Saved data entries:
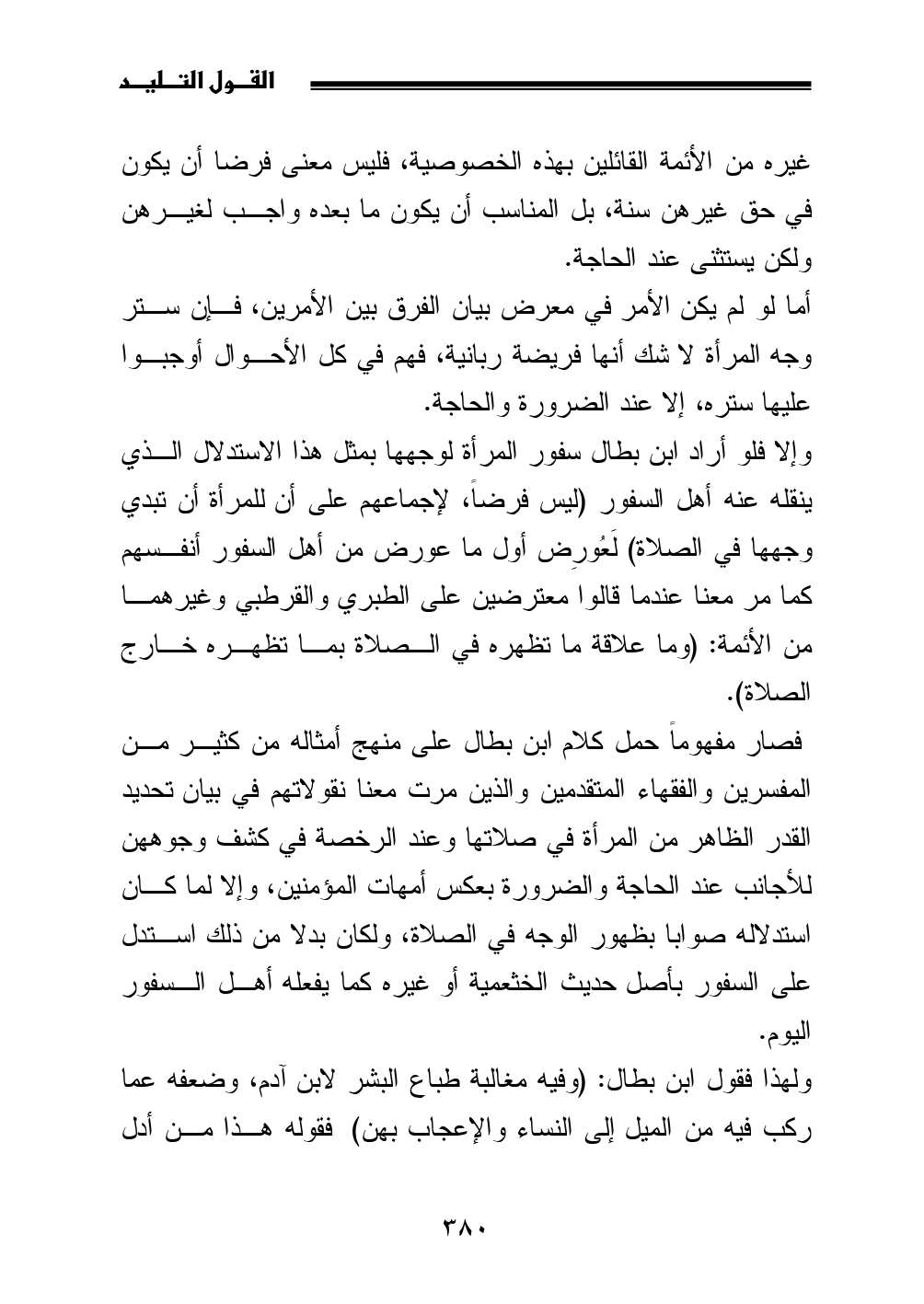 فصار مفهوماً حمل كلام ابن بطال على منهج أمثاله من كثير من المفسرين والفقهاء المتقدمين والذين مرت معنا نقولاتهم في بيان تحديد القدر الظاهر من المرأة في صلاتها وعند الرخصة في كشف وجوههن للأجانب عند الحاجة والضرورة بعكس أمهات المؤمنين، وإلا لما كان استدلاله صوابا بظهور الوجه في الصلاة، ولكان بدلا من ذلك استدل على السفور بأصل حديث الخثعمية أو غيره كما يفعله أهل السفور اليوم.
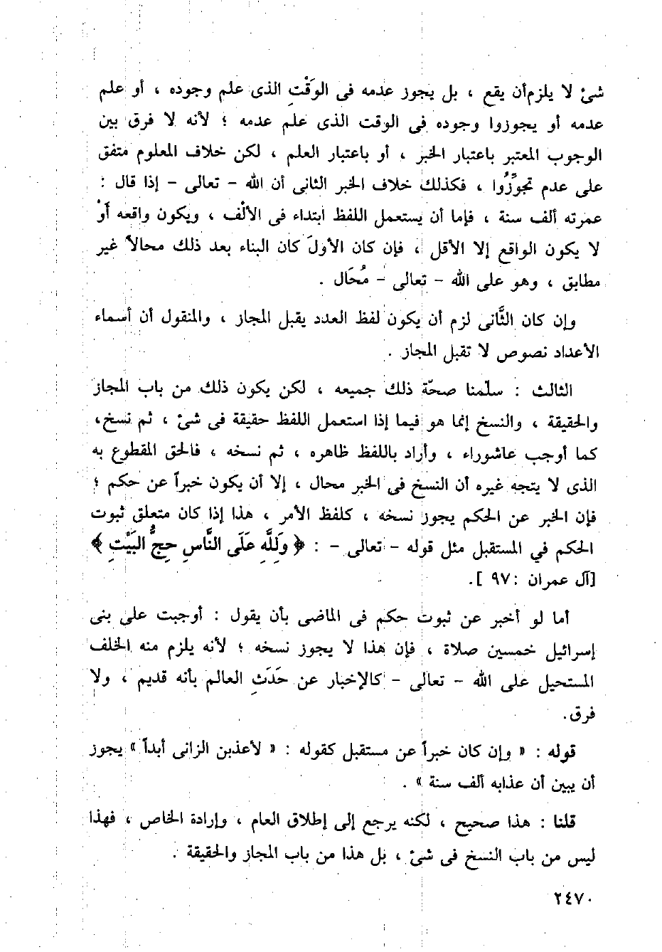 الثالث: سلمنا صحة ذلك جميعه، لكن يكون ذلك من باب المجاز والحقيقة، والنسخ إنما هو فيما إذا استعمل اللفظ حقيقة في شيء، ثم نسخ، كما أوجب عاشوراء، وأراد باللفظ ظاهره، ثم نسخه، فالحق المقطوع به الذي لا يتجه غيره أن النسخ في الخبر محال، إلا أن يكون خبرًا عن حكم؛ فإن الخبر عن الحكم يجوز نسخه، كلفظ الأمر، هذا إذا كان متعلق ثبوت الحكم في المستقبل مثل قوله تعالى: {ولله على الناس حج البيت} [آل عمران: 97].
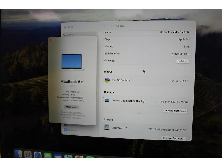 Macbook air m2 2022 14,2 model a2681 emc 4074. werkgeheugen 8 gb. 256 gb ssd. maos sanoma. 13,6 inch terina...
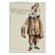 Greeting card made from an engraving by Danish artist Hans Peter Hansen (1829-1899). The picture shows Pierrot, a stock character of the Italian Commedia dell'Arte troupe. Pierrot is the sad clown, pining for love of Columbine, who usually breaks his heart and leaves him for Harlequin...
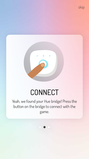 - Step 2 - As soon as your Hue bridge is detected, you need to connect it to the app by pressing the big button on the Hue bridge.
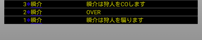 瞬介「狩人を選択した後に『次のステップまで進める』ボタンを押して1日目のCO結果を見ます。ここで偽○を出されなければ『終了』ボタン→『再試合』を選択でCO結果を厳選できるようです」
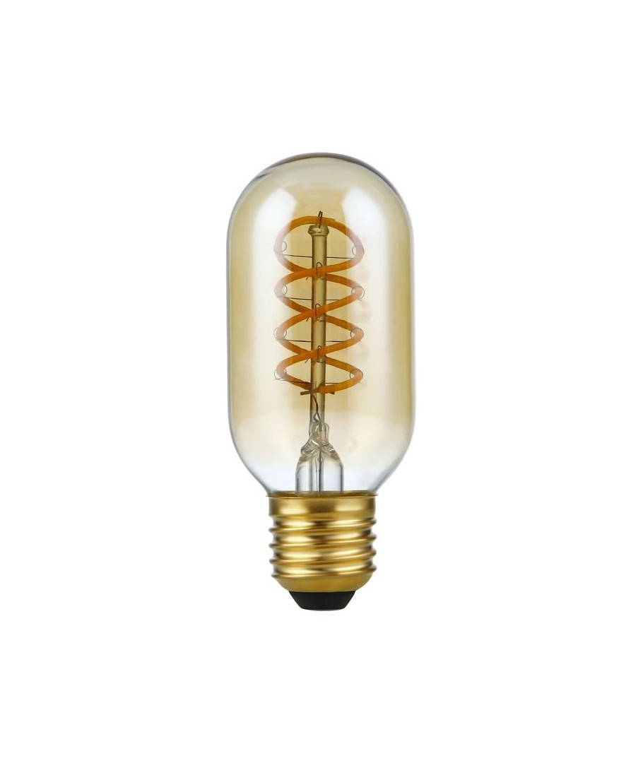 E27 5W dæmpbar LED pære med filament flex og guld glas, giver en hyggelig og varm belysning.- Fatning: E27, der passer til de fleste traditionelle lamper.
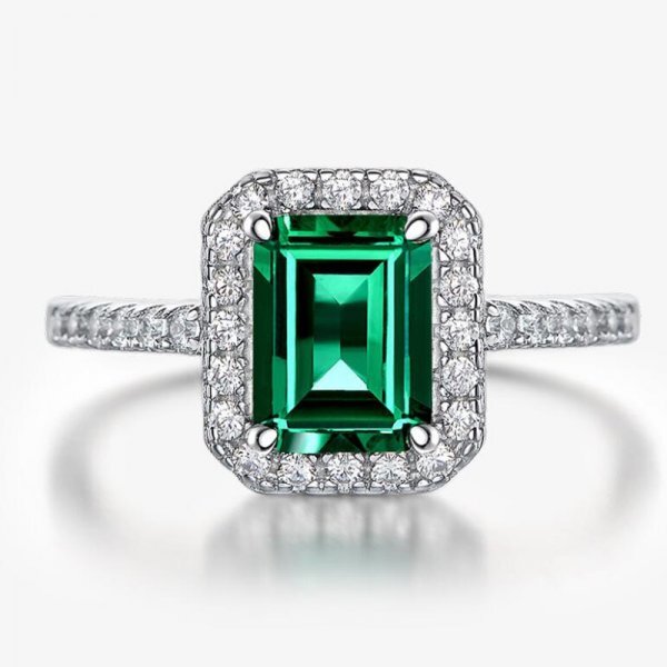 - 《最初の入札者様は開始価格で購入可能》女性用スターリングシルバーのエメラルド婚約指輪、6x8mm、米国サイズ5(日本の9号相当)
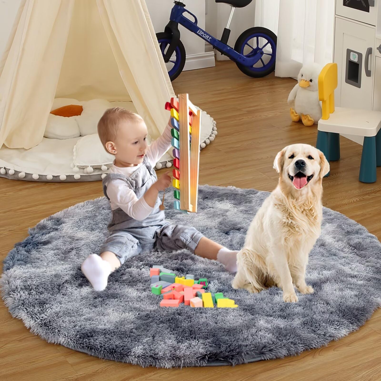 - Easy-clean, non-shedding fluffy rug
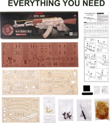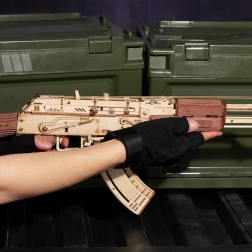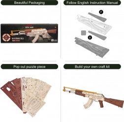 Construisez un modèle en bois détaillé du légendaire fusil d’assaut AK-47 et profitez d’un divertissement malin sans colle. Le kit comprend 315 pièces découpées avec précision, un mécanisme fonctionnel pour tirer des élastiques et des cibles en bois pour s’entraîner en toute sécurité. Idéal pour une détente créative, comme décoration et comme cadeau original pour les passionnés dès 14 ans.
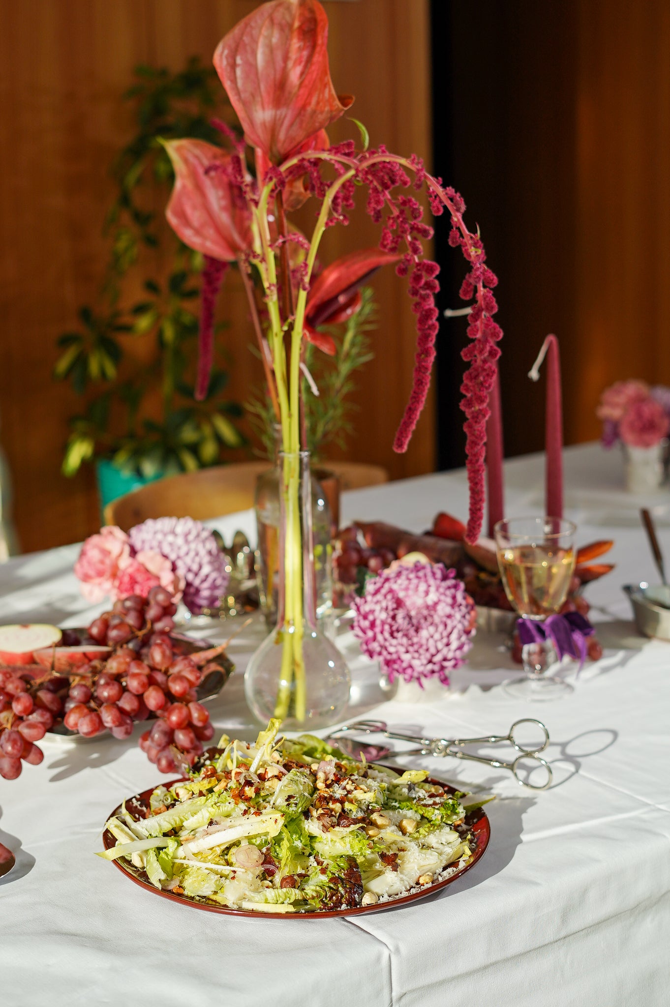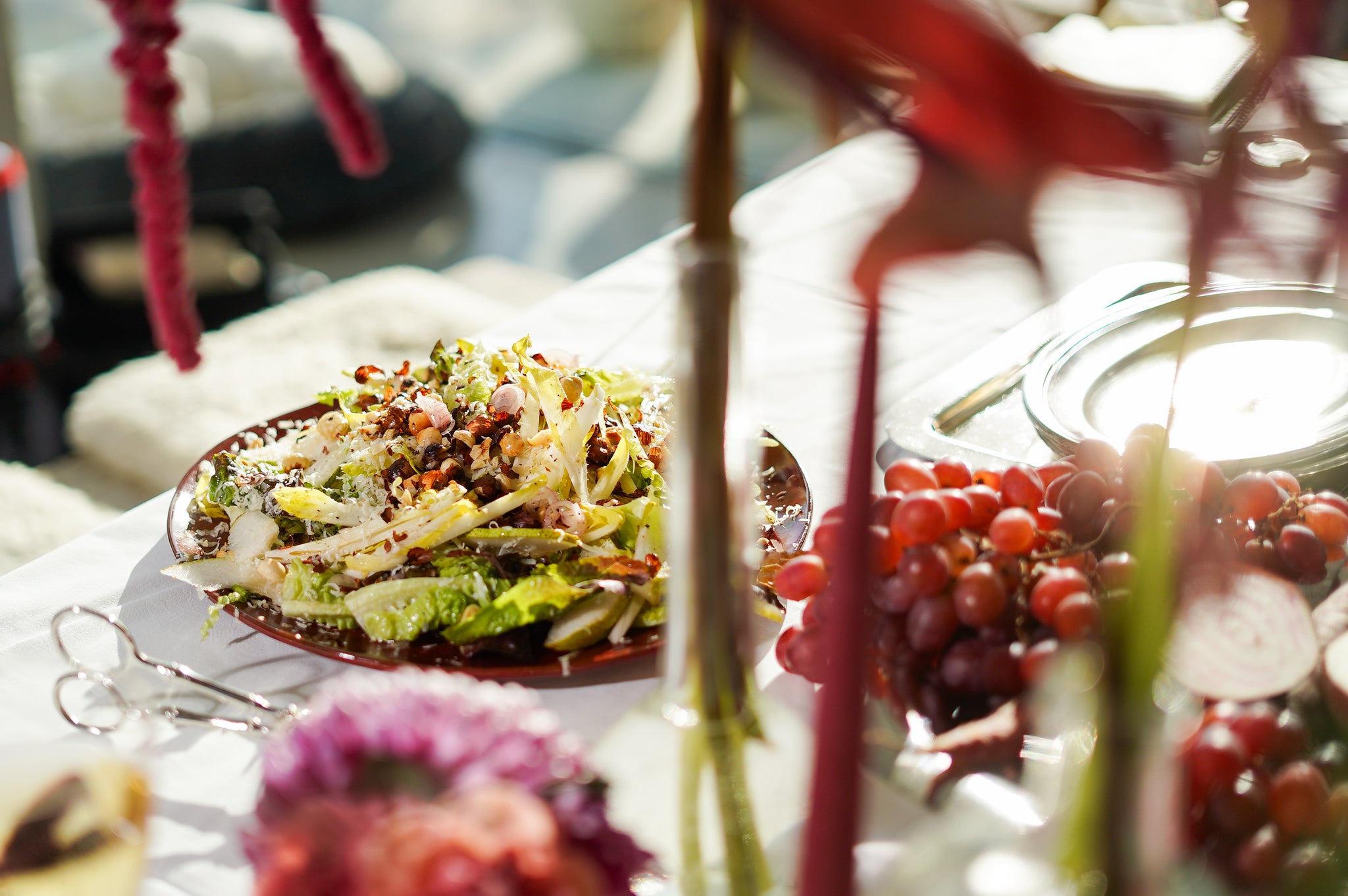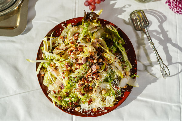 Giet de vinaigrette pas net voor het serveren over de salade zodat de blaadjes knapperig blijven.
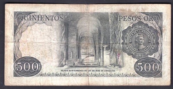 Colombia, 500 Pesos, 1979, (WPM 420b). 071229939. Pinhole in centre, circulation staining. GF.
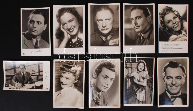 Leírás: cca 1940 10db színészfotó levlap méretben
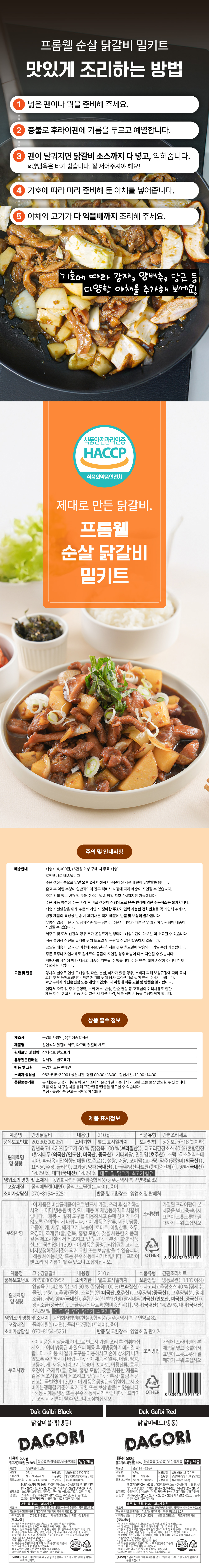 다고리 닭갈비 블랙(간장맛) 500g*2팩+ 다고리 닭갈비 레드(고추장맛) 500g*1팩

Exercise description: Apart from the pictures, every line above must be repeated exactly.

Problem solution:
 فصار مفهوماً حمل كلام ابن بطال على منهج أمثاله من كثير من المفسرين والفقهاء المتقدمين والذين مرت معنا نقولاتهم في بيان تحديد القدر الظاهر من المرأة في صلاتها وعند الرخصة في كشف وجوههن للأجانب عند الحاجة والضرورة بعكس أمهات المؤمنين، وإلا لما كان استدلاله صوابا بظهور الوجه في الصلاة، ولكان بدلا من ذلك استدل على السفور بأصل حديث الخثعمية أو غيره كما يفعله أهل السفور اليوم.
 الثالث: سلمنا صحة ذلك جميعه، لكن يكون ذلك من باب المجاز والحقيقة، والنسخ إنما هو فيما إذا استعمل اللفظ حقيقة في شيء، ثم نسخ، كما أوجب عاشوراء، وأراد باللفظ ظاهره، ثم نسخه، فالحق المقطوع به الذي لا يتجه غيره أن النسخ في الخبر محال، إلا أن يكون خبرًا عن حكم؛ فإن الخبر عن الحكم يجوز نسخه، كلفظ الأمر، هذا إذا كان متعلق ثبوت الحكم في المستقبل مثل قوله تعالى: {ولله على الناس حج البيت} [آل عمران: 97].
 Macbook air m2 2022 14,2 model a2681 emc 4074. werkgeheugen 8 gb. 256 gb ssd. maos sanoma. 13,6 inch terina...
 Greeting card made from an engraving by Danish artist Hans Peter Hansen (1829-1899). The picture shows Pierrot, a stock character of the Italian Commedia dell'Arte troupe. Pierrot is the sad clown, pining for love of Columbine, who usually breaks his heart and leaves him for Harlequin...
 - Step 2 - As soon as your Hue bridge is detected, you need to connect it to the app by pressing the big button on the Hue bridge.
 瞬介「狩人を選択した後に『次のステップまで進める』ボタンを押して1日目のCO結果を見ます。ここで偽○を出されなければ『終了』ボタン→『再試合』を選択でCO結果を厳選できるようです」
 E27 5W dæmpbar LED pære med filament flex og guld glas, giver en hyggelig og varm belysning.- Fatning: E27, der passer til de fleste traditionelle lamper.
 - 《最初の入札者様は開始価格で購入可能》女性用スターリングシルバーのエメラルド婚約指輪、6x8mm、米国サイズ5(日本の9号相当)
 - Easy-clean, non-shedding fluffy rug
 Construisez un modèle en bois détaillé du légendaire fusil d’assaut AK-47 et profitez d’un divertissement malin sans colle. Le kit comprend 315 pièces découpées avec précision, un mécanisme fonctionnel pour tirer des élastiques et des cibles en bois pour s’entraîner en toute sécurité. Idéal pour une détente créative, comme décoration et comme cadeau original pour les passionnés dès 14 ans.
 Giet de vinaigrette pas net voor het serveren over de salade zodat de blaadjes knapperig blijven.
 Colombia, 500 Pesos, 1979, (WPM 420b). 071229939. Pinhole in centre, circulation staining. GF.
 Leírás: cca 1940 10db színészfotó levlap méretben
 다고리 닭갈비 블랙(간장맛) 500g*2팩+ 다고리 닭갈비 레드(고추장맛) 500g*1팩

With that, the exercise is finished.